Baltimore Chronicle & Sentinel
By James Ridgeway
January 17, 2010
There really should be a special place in hell for pharmaceutical manufacturers who make money by exploiting the weakest and most vulnerable of patients: old people with dementia. I wrote about one such case back in April of last year:
Pharmaceutical giant Eli Lilly recently agreed to pay a record $1.4 billion dollars to settle charges that it illegally marketed the anti-psychotic drug Zyprexa as a treatment for Alzheimer’s and other forms of dementia in elderly patients. This despite the fact that the drug was not only unapproved for this “off-label” use, but had also been shown to cause obesity and diabetes.
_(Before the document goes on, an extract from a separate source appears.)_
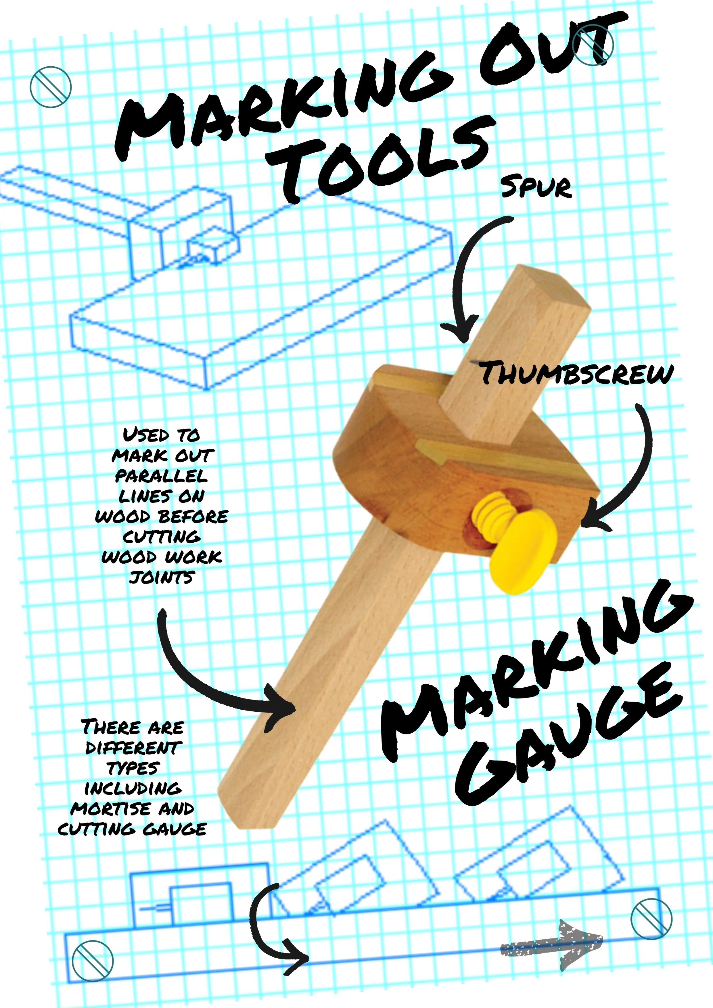 A range of displays highlighting common marking out tools and their function.

Now, $1.4 billion might sound like a tough punishment, until you find out that Lilly’s total sales of Zyprexa have topped $37 billion. And at least some of those sales were thanks to doctors who, with guidance from Lilly drug reps, wrote thousands of prescriptions for patients with virtually no ability to defend themselves.
The steep fine against Lilly apparently didn’t discourage another drugmaker, Johnson & Johnson, from using even sleazier tactics to promote its own lucrative antipsychotic for use on nursing home residents. As the New York Times reported on Friday:
Johnson & Johnson paid kickbacks to the nation’s largest nursing home pharmacy to increase the number of elderly patients taking the antipsychotic Risperdal and several other medications, according to a complaint filed Friday by the office of the United States attorney in Boston.